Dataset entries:
····················

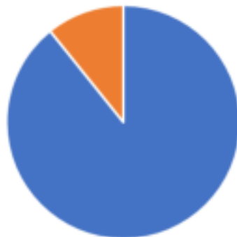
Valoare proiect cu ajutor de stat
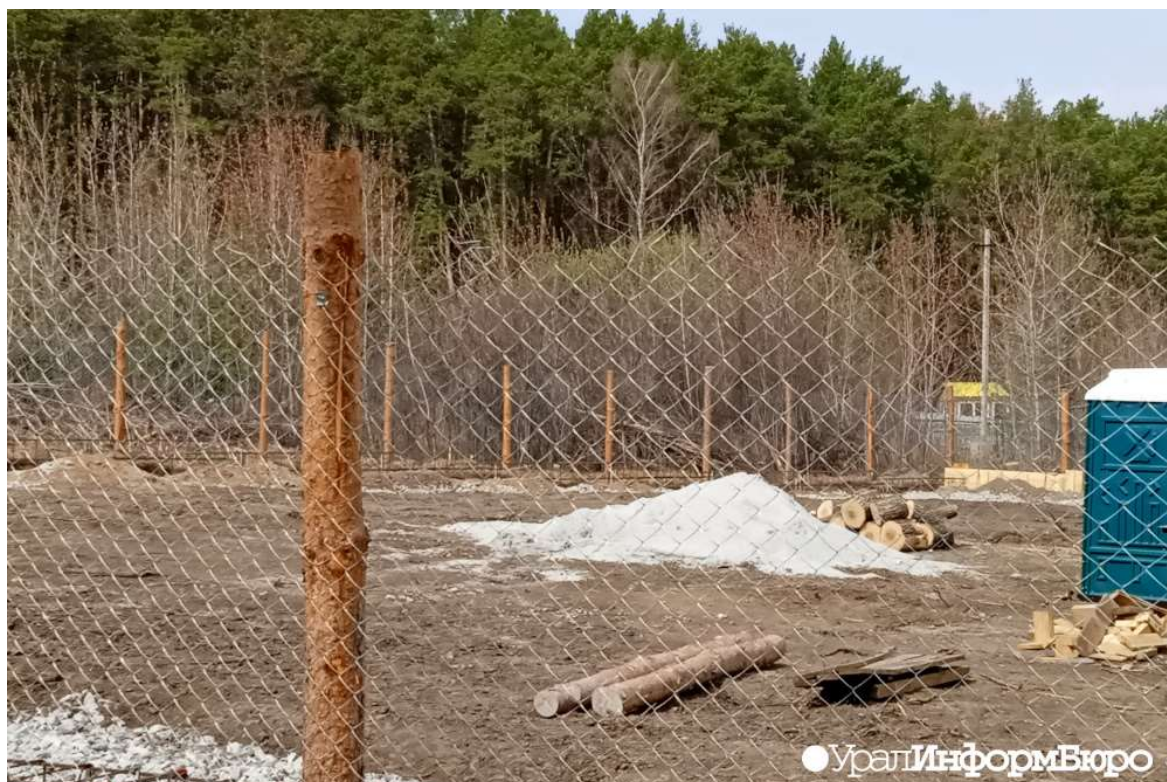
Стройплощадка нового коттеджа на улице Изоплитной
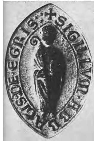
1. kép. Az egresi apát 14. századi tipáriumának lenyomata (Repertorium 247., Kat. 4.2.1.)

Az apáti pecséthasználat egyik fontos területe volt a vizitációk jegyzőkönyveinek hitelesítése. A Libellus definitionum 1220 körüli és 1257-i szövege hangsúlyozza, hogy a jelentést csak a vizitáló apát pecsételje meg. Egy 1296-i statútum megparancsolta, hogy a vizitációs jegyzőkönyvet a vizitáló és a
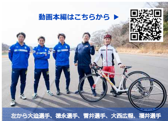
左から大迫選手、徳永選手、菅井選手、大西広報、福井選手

····················

What the task requires:
What the answer needs is every record above, exactly as written, and no pictures.

Task output:
Valoare proiect cu ajutor de stat
Стройплощадка нового коттеджа на улице Изоплитной
1. kép. Az egresi apát 14. századi tipáriumának lenyomata (Repertorium 247., Kat. 4.2.1.)

Az apáti pecséthasználat egyik fontos területe volt a vizitációk jegyzőkönyveinek hitelesítése. A Libellus definitionum 1220 körüli és 1257-i szövege hangsúlyozza, hogy a jelentést csak a vizitáló apát pecsételje meg. Egy 1296-i statútum megparancsolta, hogy a vizitációs jegyzőkönyvet a vizitáló és a
左から大迫選手、徳永選手、菅井選手、大西広報、福井選手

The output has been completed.